Expected Value The following table shows the profit from a $1 bet in a video poker game.
|Four of a Kind||0.00225||$39|
|Three of a Kind||0.06883||$2|
|Jacks or Better||0.18326||$0|
|Less than Jacks or Better||0.58076||-$1|
Source: Barnett, Tricia, “How Much to Bet on Video Poker,” Chance, Vol. 24, No. 2, Spring, 2011
(a) Determine the expected value of the game.
(b) Suppose a player can play 30 games in one hour. What are the expected losses of the player after 6 hours of playing?
- The Binomial Probability Distribution – This section presents the binomial probability distribution. We consider this an important section as a preview of inference on proportions.
- Be sure students verify that the requirements for a binomial experiment are satisfied for each probability experiment.
- As mentioned earlier, I recommend spending time on explaining the origins of the binomial probability distribution function. It is also worthwhile to use the formula for some simple probability experiments. However, we also recommend that technology be used to obtain binomial probabilities for a majority of the problems. This will allow for time to be dedicated to explaining what the results represent. Developing this skill will serve the students well when it comes time to look at hypothesis testing from the P-value point of view.

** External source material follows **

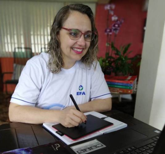 As aulas foram, sem dúvida, um dos grandes desafios impostos neste ano. Seja para professores, seja para os estudantes, e de todos os níveis de ensino ofertados. Para a professora de física da EFA, Rúbia Dallabrida Herrmann, no início a adaptação precisou ser rápida, com a realização de estudos dirigidos aos alunos pelo Portal. Duas semanas depois, com uma organização mais estruturada, ocorreu uma migração ao Class Room, com momentos síncronos e assíncronos de aulas. “Conseguimos um resultado, ficou muito melhor desta forma. Mesmo não sendo fácil essa adaptação, mas tendo em vista a necessidade foi muito importante. Agora, depois de um tempo, já estamos adaptados, nós professores e alunos, a este contexto de ensino. Entendo que as atividades presenciais na educação são fundamentais, em razão das relações e interação das pessoas, mas pelo Meet e outras plataformas, tento fazer com que seja dinâmico, para manter os alunos conectados da forma mais agradável possível. A utilização destes meios têm trazido benefícios para as turmas de forma geral. Muitos alunos que não participavam ou não conseguiam ter uma organização otimizada presencialmente, agora estão indo super bem nestas questões. Apesar de todos os problemas de saúde, 2020 me transformou enquanto profissional, consigo perceber evolução na minha formação, por conseguir me organizar para estudar também!”, complementa.
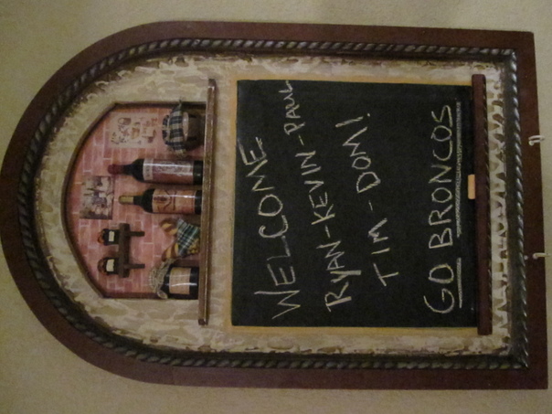 A decorative chalk board with a brown frame is hung on a tan wall. |

- I also recommend that binomial probabilities be computed based on results of a poll. For example, suppose nationwide that 36% of adult Americans have nothing saved for retirement. Further suppose you conduct a survey of 100 Americans with a bachelor’s degree and find that 45 have nothing saved for retirement. Use the binomial probability distribution function to determine the likelihood (probability) of obtaining 45 or more successes in 100 trials of an experiment in which the probability of success is 0.36. Is the result unusual? What might we conclude based on this result? Another area of discussion: notice that a “success” in this experiment is not something positive (here, a success is finding an individual who has nothing saved for retirement).

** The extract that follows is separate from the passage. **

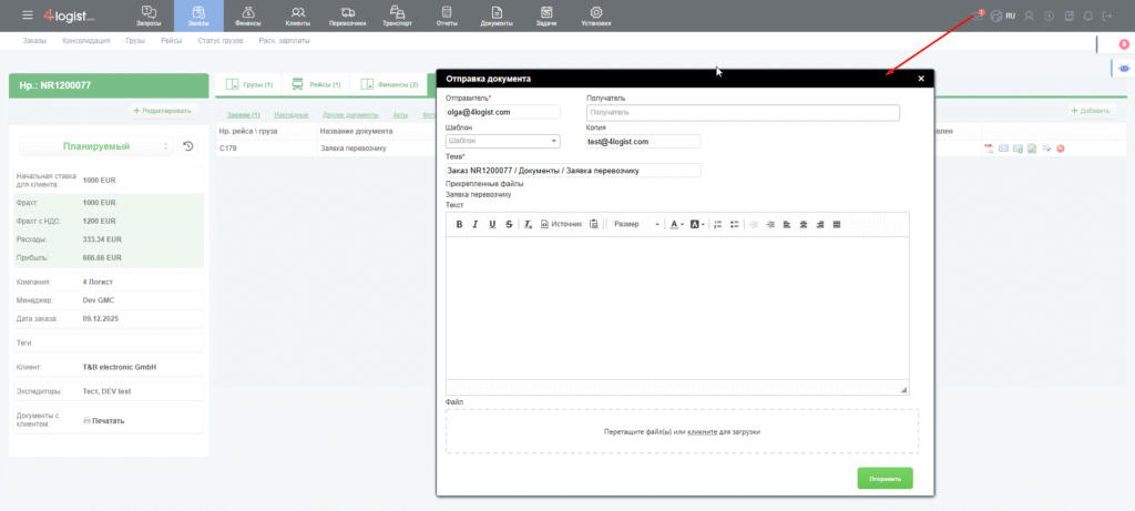 После подготовки документов можно открыть значок конверта с цифрой, чтобы увидеть список всех выбранных к отправке файлов. Здесь можно проверить адресата, тему письма и при необходимости добавить комментарий. Нажатие кнопки «Отправить» отправляет все документы на указанные адреса через настроенную почту.

- Finally, spend time discussing the roles that n and p play in the shape of the distribution of a binomial random variable. Consider using the Binomial Distribution applet in StatCrunch for this.
A Drug Study Toxic Epidermal Necrolysis (TEN), also known as Lyell’s syndrome, is a life-threatening disease characterized by blisters that cover the skin and extensive peeling off of skin. In a double-blind, randomized, placebo-controlled study of the effects of a drug called thalidomide on TEN, it was found that 10 of the twelve patients in the thalidomide group died compared with three of ten in the placebo group. Using the methods of this section, explain why the study was stopped. What does this result suggest? Source: Randomized Comparison of Thalidomide Versus Placebo in Toxic Epidermal Necrolysis, Wolkenstein, Pierre et al. The Lancet, Volume 352, Issue 9140, 1586-1589. Answer: P(X > 10) = 0.0002 assuming p = 0.3.
- The Poisson Probability Distribution – This distribution may be skipped without loss of continuity. I do not cover this material in my classes.
- As with binomial probabilities, we recommend using technology to find probabilities. o Continue to emphasize the interpretation of probabilities in this section and use the probability distribution function to identify unusual results as a way to foreshadow P-values.